Information shown section start

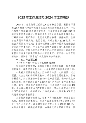 2023年工作总结及2024年工作思路2023年,南星街道以党的XX大精神为指引,紧抓学习贯彻XXX新时代中国特色社会主义思想主题教育开展之年、八八战略实施20周年的关键节点,全面贯彻落实XXXXXX考察浙江重要讲话精神,圆满完成亚(残)运会各项保障任务,以最高标准、最严要求、最优作风团结奋进、拼抢快行,经济社会发展取得新成效。截至目前,财政总收入13.38亿元,一般公共预算6.38亿元;省委书记易炼红调研南星街道金融企业,省司法厅党委书记、厅长王中毅调研四维协同基层综合行政执法模式,中国儿童中心党委书记丛中笑调研社区家庭教育,荣获浙江省第三批现代服务业创新发展区、浙江省社会治理创新案例、浙江省低零碳试点街道等多项荣誉。一、2023年主要工作(一)以拼的决心打赢经济翻身仗弘扬首创首位精神,聚焦经济翻身仗勇闯新路,强力推进创新深化,赢得经济发展主动,一年来经济指标实现逆势上扬。一是重大项目落地见效。坚持项目为王,大抓项目、抓大项目,建立招商引资月调度机制、项目全过程跟踪服务,引进中科鼎实、浙江廪富物产等10余个亿产业项目。进一步优化产业生态圈,坚持重点招引金融+文创两大主引擎产业基础上,科技、商贸、现服等产业同向发力,全年引进产业项目近170家。成功推动鲲翎资本QFLP项目落地,带动全年完成外资到位XX余万美元,排名居前;上半年完成一次性税收XX亿元,提前超额完成考核任务。二是经济提速争先进位。完善真心解难题的为企服务机制,激发市场主体信心,开展街道主要领导+分管领导+机关干部三级走访,截至目前共走访规上企业158家319次,关注企业需求、解决发展困境,协调毛戈平总部项目用地、图强工程材料融资困难等难题26个,有力促进企业健康发展,带动街道各项经济指标提升进位。截至三季度,地区生产总值增幅达5.8%、社会消费品零售总额增幅达28.61%、建筑安装工程投资完成额增幅达62.78%,均位居全区首位;建筑业增加值增幅达6.63%、限上零售业销售额增幅达53.54%、限上餐饮业销售额增幅达39.59%,均位居全区第二,其他固投等多项指标增幅位居全区前列。三是产业基础全面提升。以助力基金小镇打造2.0升级版为契机,在优化金融产业链上不断发力,成功推动全市首个QFLP项目落地基金小镇,为外资进入国内参与私募等金融活动开启新通道。着力推动灵慧人工智能等项目落地,拓展小镇企业智能投资顾问平台、金融产品和金融科技服务平台,进一步完善金融产业业态。参与推进杭州金玉上城现代金融创新发展区,构建431现代金融生态圈,成功入围浙江省第三批现代服务业创新发展区,优化金融营商环境、助力服务业扩大开放做法入选省营商环境2023年第三批最佳实践案例。(二)以抢的状态勇当改革排头兵始终领改革风气之先,着力完善深层次体制机制,以营商环境一号改革工程为突破,把南星打造成创新创业的沃土、现代治理的范本。一是创新打造四维协同执法体系。牢固树立增值化服务理念,强化系统思维,打造整体优势,依托服务、监管、解纷、普法四维协同增值手段,深入推进大综合一体化行政执法改革融入基层治理,创新首违不罚等工作机制,助力执法提质增效,打造一流法治营商环境。实施以来,执法频次同比减少23.6%,综合查一次实施率突破80%,食品安全产品质量、经营扰民等重点领域投诉举报较去年下降32.1%。相关经验做法获省司法厅党委书记、厅长王中毅调研指导、胡伟副省长批示肯定。二是创新塑造五星协理治理机制。积极开展五社联动探索实践,统筹各方资源、同心携手共建,以睦邻友好、邻里互助促进多元共治,探索形成家校政企社五星协理治理新模式,吸纳机关干部、两新党员、楼道长、学校、亲子家庭等参与社区三大提升行动,小区全覆盖开展清洁家园、亲近邻里活动12场;辖区能人贤才主动参与扮靓家园行动、亚运志愿活动,涌现出迎亚运藤艺墙等最美地标及阳台营造师等小区达人;发起我在南星当明星微笑收集计划,打造南星里遇见微笑·遇见自己笑脸墙,展现笑in南星,好客主人别样风采。三是创新推进三维共治维稳模式。构建指挥领治、平台联治、网格微治三维共治模式,一体联动、快速反应,各类网格事件、非警务事件处置率达100%。实行1+8+N的街社两级矛调中心运行模式,积极发挥街道法律服务点、共享法庭等机制,深入开展网格巡回调解,将矛盾纠纷吸附在属地,信访交办件同比下降20%。抓实重点人、事、隐患和场所的四张清单动态管控,建立隐患、措施、责任、时限督办机制,推动安全生产大排查大整治重大事故隐患专项排查整治落实企业安全生产主体责任年行动,共排查各类企业(场所)8168家,发现隐患8746处,整改率100%,确保社会面总体平稳。(三)以优
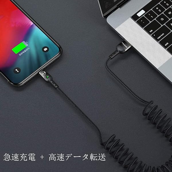 USB タイプC ケーブル カール LEDライト付き 急速充電 QC 4.0 USB TypeC to USBA 2.0 高速データ転送 コイル状 高耐久 断線防止 ナイロン編み 格納式ポータブル柔軟 USB C コード Type-C機器対応 (1.8m Type-C,ブラック)
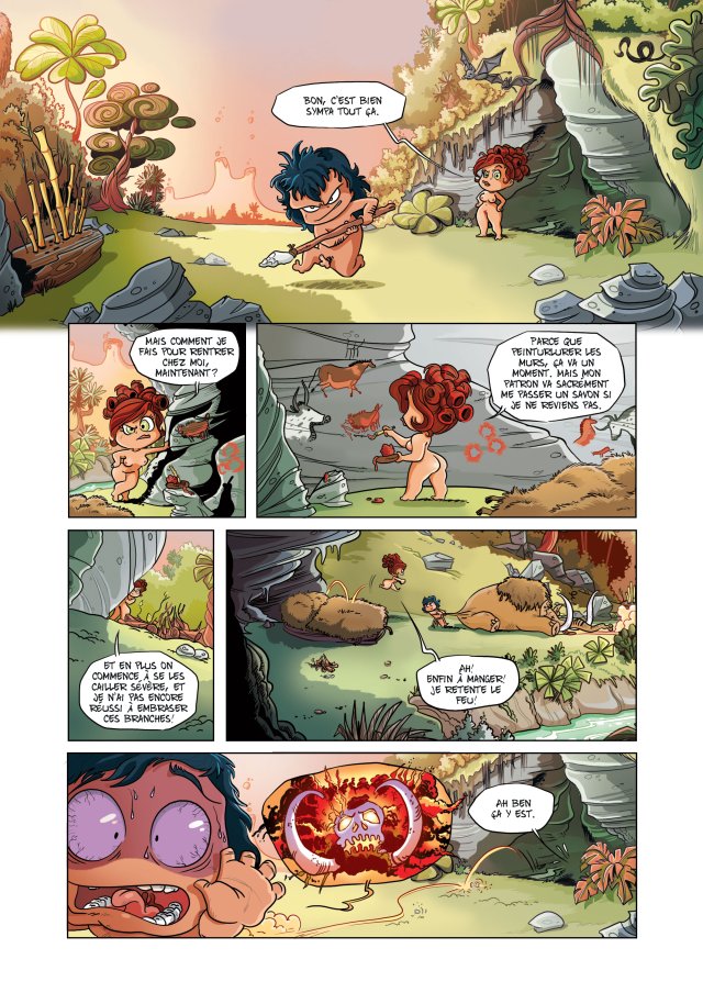 Ne cherchez pas à vous faire des noeuds au cerveau ! Le Petit Derrière de l’Histoire n’a pas du tout la prétention d’être une BD qui cherche à révolutionner le monde du Neuvième Art. Marie, jeune femme ouverte sous tous rapports, se retrouve catapultée aux temps préhistoriques dans le lit malodorant d’un homme des cavernes. Elle comprend vite qu’elle est victime d’un mauvais tour : la voilà assimilée à un cobaye pour la machine à remonter le temps que son amant d’un soir se vantait d’avoir inventée. Comment se sortir de là ? Bon gré mal gré, elle tente de s’adapter à son nouvel environnement selon ses besoins de femme moderne : créer des peintures sur les murs pour s’occuper, et surtout faire du feu pour éviter de mourir gelée. Une fois la déco de la grotte refaite et le feu maitrisé, Marie repart aussitôt dans les couloirs du Temps. Destination : le lit des grands inventeurs !

Information shown section end

> **Task brief**: Pictures are not part of the copy. Please reproduce the material word for word.

> **Response**:
 2023年工作总结及2024年工作思路2023年,南星街道以党的XX大精神为指引,紧抓学习贯彻XXX新时代中国特色社会主义思想主题教育开展之年、八八战略实施20周年的关键节点,全面贯彻落实XXXXXX考察浙江重要讲话精神,圆满完成亚(残)运会各项保障任务,以最高标准、最严要求、最优作风团结奋进、拼抢快行,经济社会发展取得新成效。截至目前,财政总收入13.38亿元,一般公共预算6.38亿元;省委书记易炼红调研南星街道金融企业,省司法厅党委书记、厅长王中毅调研四维协同基层综合行政执法模式,中国儿童中心党委书记丛中笑调研社区家庭教育,荣获浙江省第三批现代服务业创新发展区、浙江省社会治理创新案例、浙江省低零碳试点街道等多项荣誉。一、2023年主要工作(一)以拼的决心打赢经济翻身仗弘扬首创首位精神,聚焦经济翻身仗勇闯新路,强力推进创新深化,赢得经济发展主动,一年来经济指标实现逆势上扬。一是重大项目落地见效。坚持项目为王,大抓项目、抓大项目,建立招商引资月调度机制、项目全过程跟踪服务,引进中科鼎实、浙江廪富物产等10余个亿产业项目。进一步优化产业生态圈,坚持重点招引金融+文创两大主引擎产业基础上,科技、商贸、现服等产业同向发力,全年引进产业项目近170家。成功推动鲲翎资本QFLP项目落地,带动全年完成外资到位XX余万美元,排名居前;上半年完成一次性税收XX亿元,提前超额完成考核任务。二是经济提速争先进位。完善真心解难题的为企服务机制,激发市场主体信心,开展街道主要领导+分管领导+机关干部三级走访,截至目前共走访规上企业158家319次,关注企业需求、解决发展困境,协调毛戈平总部项目用地、图强工程材料融资困难等难题26个,有力促进企业健康发展,带动街道各项经济指标提升进位。截至三季度,地区生产总值增幅达5.8%、社会消费品零售总额增幅达28.61%、建筑安装工程投资完成额增幅达62.78%,均位居全区首位;建筑业增加值增幅达6.63%、限上零售业销售额增幅达53.54%、限上餐饮业销售额增幅达39.59%,均位居全区第二,其他固投等多项指标增幅位居全区前列。三是产业基础全面提升。以助力基金小镇打造2.0升级版为契机,在优化金融产业链上不断发力,成功推动全市首个QFLP项目落地基金小镇,为外资进入国内参与私募等金融活动开启新通道。着力推动灵慧人工智能等项目落地,拓展小镇企业智能投资顾问平台、金融产品和金融科技服务平台,进一步完善金融产业业态。参与推进杭州金玉上城现代金融创新发展区,构建431现代金融生态圈,成功入围浙江省第三批现代服务业创新发展区,优化金融营商环境、助力服务业扩大开放做法入选省营商环境2023年第三批最佳实践案例。(二)以抢的状态勇当改革排头兵始终领改革风气之先,着力完善深层次体制机制,以营商环境一号改革工程为突破,把南星打造成创新创业的沃土、现代治理的范本。一是创新打造四维协同执法体系。牢固树立增值化服务理念,强化系统思维,打造整体优势,依托服务、监管、解纷、普法四维协同增值手段,深入推进大综合一体化行政执法改革融入基层治理,创新首违不罚等工作机制,助力执法提质增效,打造一流法治营商环境。实施以来,执法频次同比减少23.6%,综合查一次实施率突破80%,食品安全产品质量、经营扰民等重点领域投诉举报较去年下降32.1%。相关经验做法获省司法厅党委书记、厅长王中毅调研指导、胡伟副省长批示肯定。二是创新塑造五星协理治理机制。积极开展五社联动探索实践,统筹各方资源、同心携手共建,以睦邻友好、邻里互助促进多元共治,探索形成家校政企社五星协理治理新模式,吸纳机关干部、两新党员、楼道长、学校、亲子家庭等参与社区三大提升行动,小区全覆盖开展清洁家园、亲近邻里活动12场;辖区能人贤才主动参与扮靓家园行动、亚运志愿活动,涌现出迎亚运藤艺墙等最美地标及阳台营造师等小区达人;发起我在南星当明星微笑收集计划,打造南星里遇见微笑·遇见自己笑脸墙,展现笑in南星,好客主人别样风采。三是创新推进三维共治维稳模式。构建指挥领治、平台联治、网格微治三维共治模式,一体联动、快速反应,各类网格事件、非警务事件处置率达100%。实行1+8+N的街社两级矛调中心运行模式,积极发挥街道法律服务点、共享法庭等机制,深入开展网格巡回调解,将矛盾纠纷吸附在属地,信访交办件同比下降20%。抓实重点人、事、隐患和场所的四张清单动态管控,建立隐患、措施、责任、时限督办机制,推动安全生产大排查大整治重大事故隐患专项排查整治落实企业安全生产主体责任年行动,共排查各类企业(场所)8168家,发现隐患8746处,整改率100%,确保社会面总体平稳。(三)以优
 USB タイプC ケーブル カール LEDライト付き 急速充電 QC 4.0 USB TypeC to USBA 2.0 高速データ転送 コイル状 高耐久 断線防止 ナイロン編み 格納式ポータブル柔軟 USB C コード Type-C機器対応 (1.8m Type-C,ブラック)
 Ne cherchez pas à vous faire des noeuds au cerveau ! Le Petit Derrière de l’Histoire n’a pas du tout la prétention d’être une BD qui cherche à révolutionner le monde du Neuvième Art. Marie, jeune femme ouverte sous tous rapports, se retrouve catapultée aux temps préhistoriques dans le lit malodorant d’un homme des cavernes. Elle comprend vite qu’elle est victime d’un mauvais tour : la voilà assimilée à un cobaye pour la machine à remonter le temps que son amant d’un soir se vantait d’avoir inventée. Comment se sortir de là ? Bon gré mal gré, elle tente de s’adapter à son nouvel environnement selon ses besoins de femme moderne : créer des peintures sur les murs pour s’occuper, et surtout faire du feu pour éviter de mourir gelée. Une fois la déco de la grotte refaite et le feu maitrisé, Marie repart aussitôt dans les couloirs du Temps. Destination : le lit des grands inventeurs !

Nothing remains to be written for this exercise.